Так я достиг своего шестнадцатого года, беспокойный, недовольный собой и всем, что меня окружало; недовольный своим занятием; не наслаждаясь удовольствиями, обычными для моего возраста, плача без причины, вздыхая неизвестно почему и любя свои химерические идеи за неимением более ценных реальностей.

Каждое воскресенье, после проповеди, мои товарищи приходили за мной, желая, чтобы я разделил их развлечения. Я охотно бы отказался, но, однажды вовлеченный в развлечение, я был более оживленным и предприимчивым, чем кто-либо из них; было одинаково трудно вовлечь или удержать меня; действительно, это всегда было ведущей чертой моего характера. На наших загородных прогулках я всегда был впереди и никогда не думал о возвращении, пока мне не напоминали об этом кто-нибудь из моих товарищей. Я дважды был вынужден отсутствовать у хозяина всю ночь, так как городские ворота были закрыты до того, как я успевал добраться до них. Читатель может представить, какое обращение это обеспечило мне на следующее утро; но мне пообещали такой прием в третий раз, что я твердо решил никогда не подвергать себя такой опасности. Несмотря на свою решимость, я повторил это страшное нарушение, так как моя бдительность была сведена на нет проклятым капитаном по имени господин Минутоли, который, будучи в карауле, всегда закрывал ворота, за которые отвечал, на час раньше обычного времени. Я возвращался домой с двумя своими товарищами и был в полулье от города, когда услышал, как бьют вечернюю зарю; я удваиваю шаг, бегу со всех ног, приближаюсь к мосту, вижу солдат уже на своих постах, кричу им придушенным голосом — уже слишком поздно; я в двадцати шагах от караула, первый мост уже поднят, и я дрожу, видя те ужасные рога, выдвинутые в воздухе, которые возвещают роковую и неизбежную судьбу, которая с этого момента начала преследовать меня.
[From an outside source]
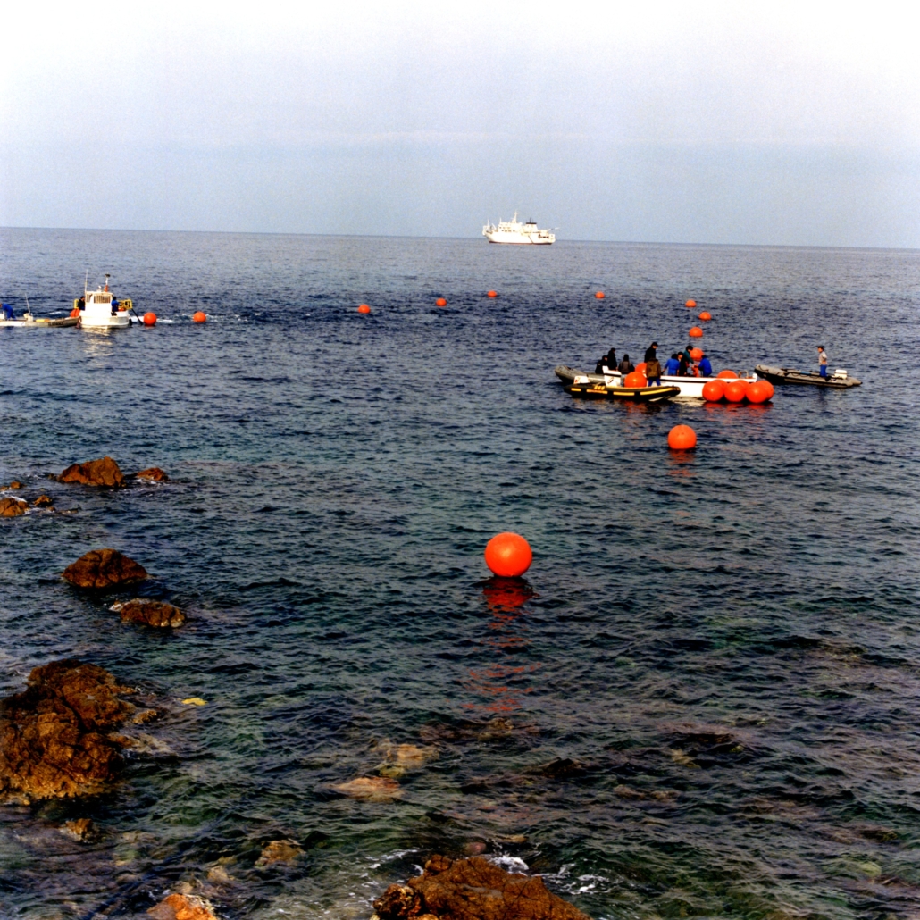 Ci-dessus : navire câblier Raymond Croze et ses équipes, à proximité de L’Île-Rousse (Isula Rossa) pendant la pose du câble sous-marin de télécommunications à fibre optique entre Cannes et L’Île-Rousse (câble CC4) –
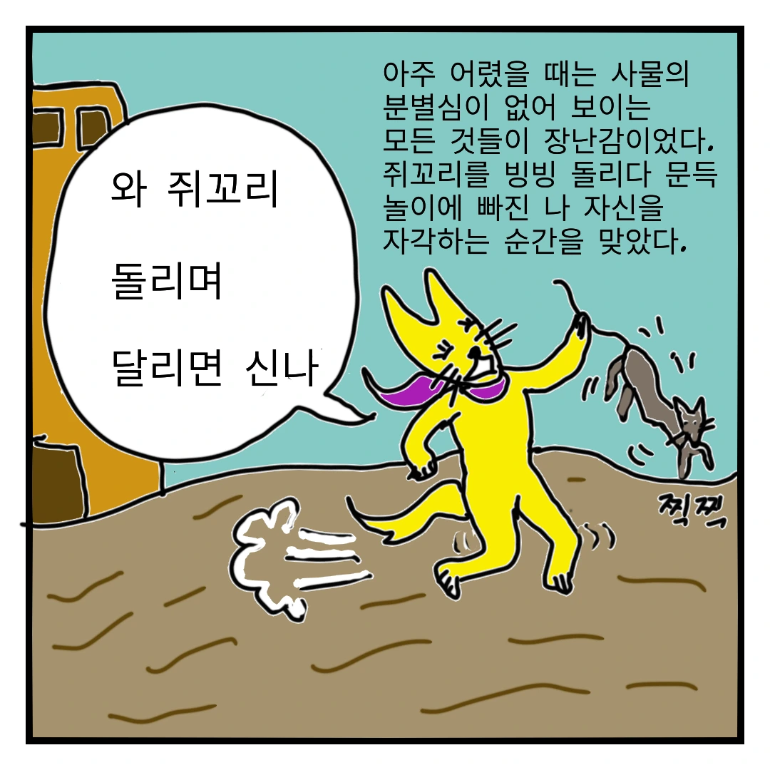 쥐가 더럽다느니의 분별심이 없이 생동한 꼬리를 마치 연 줄 놓치지 않으려는 고사리손이 신나게 움켜쥐었다.

Я бросился на гласис в припадке отчаяния, в то время как мои товарищи, которые лишь смеялись над этим происшествием, немедленно решили, что делать. Мое решение, хотя и отличалось от их, было столь же внезапным; на месте я поклялся никогда не возвращаться к своему хозяину, и на следующее утро, когда мои товарищи вошли в город, я простился с ними навсегда, умоляя их в то же время сообщить моему кузену Бернару о моем решении и о месте, где он может увидеть меня в последний раз.

С начала моего ученичества я редко видел его; поначалу, правда, мы виделись по воскресеньям, но, поскольку каждый приобретал разные привычки, наши встречи стали менее частыми. Я убежден, что его мать внесла большой вклад в эту перемену; он должен был считать себя важной персоной, я же был жалким учеником; несмотря на наше родство, равенство между нами больше не существовало, и общение со мной было для него унизительным. Поскольку у него было доброе сердце от природы, уроки его матери не возымели немедленного действия, и некоторое время он продолжал навещать меня.

Узнав о моем решении, он поспешил к назначенному мною месту, не для того, однако, чтобы отговорить меня от него, а чтобы сделать мой побег приятным с помощью нескольких пустяковых подарков, так как моих собственных средств мне бы надолго не хватило. Он дал мне, среди прочего, небольшую шпагу, которой я очень гордился и которую взял с собой до Турина, где крайняя нужда заставила меня продать ее. Чем больше я размышляю о его поведении в этот критический момент, тем больше убеждаюсь, что он следовал инструкциям своей матери, а возможно, и отца; ибо, если бы он был предоставлен своим собственным чувствам, он попытался бы удержать меня или был бы искушен сопровождать меня; напротив, он поощрял этот замысел и, увидев, что я твердо решил следовать ему, не выказав особого огорчения, оставил меня на произвол судьбы. Мы никогда не виделись и не писали друг другу с того времени; я не могу не сожалеть об этой потере, ибо его сердце было по сути добрым, и мы казались созданными для более прочной дружбы.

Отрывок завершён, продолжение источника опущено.